# Tiny fish for 5.5 gal aquascape?



## Andrew M. (Aug 28, 2012)

What are some good, small, vibrant background fish for a 5.5 aquascape and where to buy? I was thinking galaxy rasboras but I'm not sure where I could get them here. I'm also planning to have cherry shrimp.
Heres the tank:


----------



## scott tang (Jan 29, 2012)

guppies neon tetra sory i just got bac into fw cant help much


----------



## Foxtail (Mar 14, 2012)

Scarlet badis...

Sent from my Galaxy Nexus using Tapatalk 2


----------



## shady280 (Oct 17, 2011)

mosquito/chilli rasbora. small and really red like a cherry. i have some in my 6 gal edge.


----------



## inuudo (Sep 23, 2012)

Perhaps a group of microdevario nana?


----------



## Atom (Apr 21, 2010)

Boraras Brigittae. They really brighten up in a nicely planted tank.


----------



## Livyding (Feb 6, 2013)

I wouldn't put any sort of shoaling fish in a tank that small... The whole point of getting them is to watch them swim, right? What fun is it to watch them swim around in circles all day?

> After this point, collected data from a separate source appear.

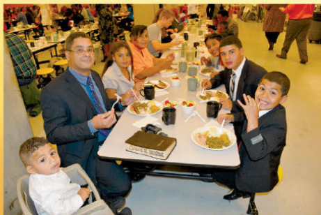
New Day graduate father and his family. Eating a meal together in PGM's cafeteria. His story will be featured in an upcoming newsletter.
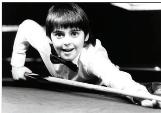
The Boy Wonder of Snooker in 1986

At most, then, a frame of snooker requires knocking in 36 balls: 15 reds, alternating with 15 colors, followed by the
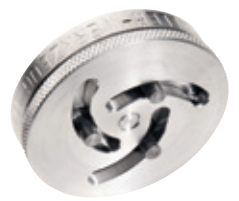
# 468 020/48 3-pin Adjustable Discs

Turning and Pressing all in one movement
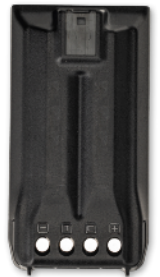
3000mAh BATTERY 2
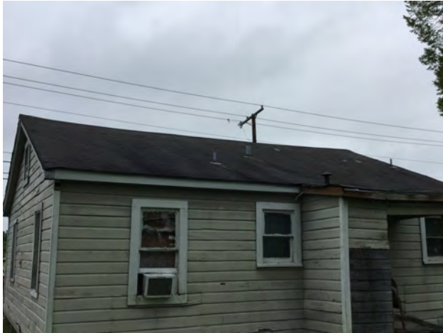
7/23/2019 3:26:44 PM

Project Number: CD-13141 Address: 2504 CULPEPPER ROAD Inspection Date: 5/30/2018

Scarlet badis could work though, or a single Betta, or you could do an awesome shrimp-only tank.... There are a lot more than cherry shrimp out there.


----------



## fat fish (Jan 23, 2013)

thredfin rainbows would be nice
fantasy aquatics has your rasboras


----------



## CRS Fan (Apr 21, 2010)

I suggest Sundadanio axelrodi (aka blue/red/green Axelrod rasbora). I believe Canadian Aquatics or Fantasy Aquatics should have them in stock.

Best regards,

Stuart


----------



## arash53 (Aug 13, 2011)

Clown killifish

Sent from Petguide.com App


----------



## Grandwitch (Jan 30, 2013)

Endler Guppies would do well. I have a 4 gal Nano with baby Starfire Danios. They never stop swimming and are a Bright Reddish Pink color. Kept in a group of 5 they are Stunning! This is my first attempt at breeding them. They are like swimming hairs. I'm very excited! Good Luck!


----------



## Tazzy_toon (Jul 25, 2011)

Wow, alot of good ideas. I've been keeping my eye on this thread because i'm going to be setting up a 5 gal for my kids  Curious to know what you pic out of all these awesome suggestions.


----------



## Flear (Dec 8, 2012)

a 5 gallon ?, really ?
Dwarf pygmy goby Pandaka pygmaea
9mm adult

i'm always going to wonder why people think such small tanks for fish are acceptable.

as for the dwarf pygmy goby, ... if you can find them, their diet is listed as 'plankton', no idea if phyto or zoo.


----------